BISHKEK - Updated Aug. 8, 2019, 12:15 p.m.
Kyrgyz special police forces have detained former President Almazbek Atambaev after a security operation that turned violent left one person dead, according to news accounts.
Russia's Interfax news agency and Kyrgyz media reported Thursday Atambaev was detained at his home in the village of Koi-Tash near the capital of Bishkek after at least one failed attempt.
Police stormed Atambaev's compound after their first attempt to detain him overnight failed amid violent clashes with his supporters that also left dozens injured.
The move came shortly after six special-forces troops captured at the compound late on August 7 by Atambaev’s supporters had been released.
The 62-year-old Atambaev faces five counts of criminally abusing his office when he was Kyrgyzstan's president from 2011 to 2017 -- including corruption, abuse of office, and illegally enriching himself.
Atambaev rejects the charges and resisted police attempts on August 7 to detain him for questioning.
President Sooronbai Jeenbekov and Atambaev have blamed each other for the bloodshed.
Authorities moved in on the former president’s compound to carry out a subpoena in an unspecified investigation but were met with armed resistance by Atambaev’s supporters.
He called the attempt to arrest him unconstitutional and illegal and told reporters at the compound on Thursday that it is Jeenbekov and his government who carry responsibility for the violence because of how they conducted the raid.
“Apart from the special-forces member who died of his wounds, the Health Ministry said 80 people were wounded in the clash, including at least 15 police officers.
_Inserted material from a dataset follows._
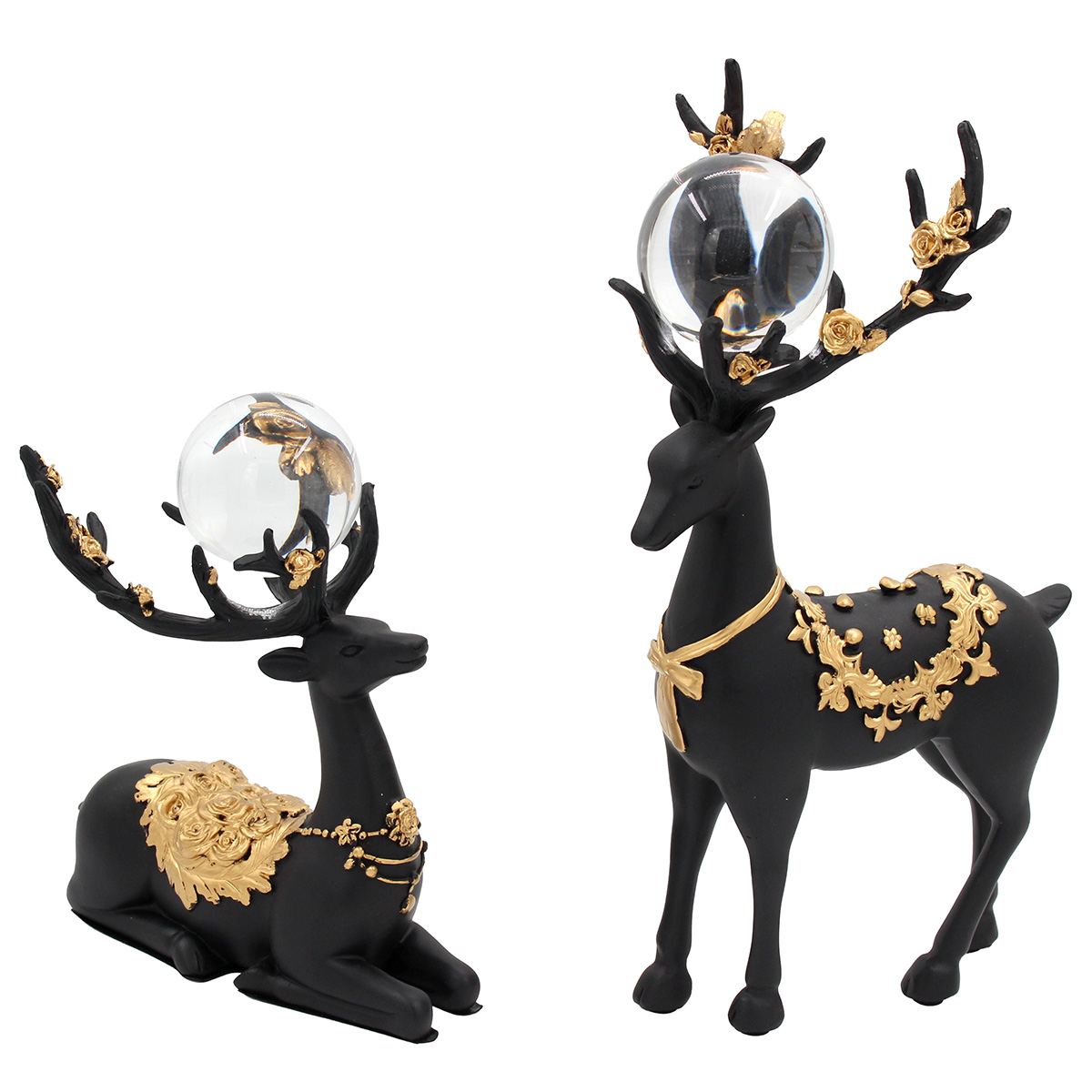 Διακοσμητικά polyresin τεμ 2 16Χ14Χ30 – 16Χ11Χ18 εκ. Ελάφια Μαύρα Χρυσά με γυάλινες μπάλες

Two of the hostages released on August 8 had suffered gunshot wounds, the ministry added.
Jeenbekov and Atambaev have traded accusations of incompetence and a lack of professionalism in recent months.
The storming of the compound comes after Deputy Interior Minister Mirlan Kanimetov and several other officials visited Atambaev on July 22 after he had refused to obey a subpoena for a third time.
Under Kyrgyz law, a person who refuses to comply with two subpoenas can be forcibly detained for questioning.
After parliament on June 27 voted to strip immunity from prosecution for former presidents, the embattled Atambaev has spent most of his time at his residential compound and has publicly stated that he has weapons.
His lawyer has called the immunity vote unconstitutional.
Kyrgystan saw a smooth and peaceful transfer of power from Atambaev to Jeenbekov, which was welcomed by the international community after the two previous presidential changes -- in 2005 and 2010 -- came after violent rioting.
The former Soviet republic remains closely allied with Russia, which operates a military base in the northern Kyrgyz town of Kant.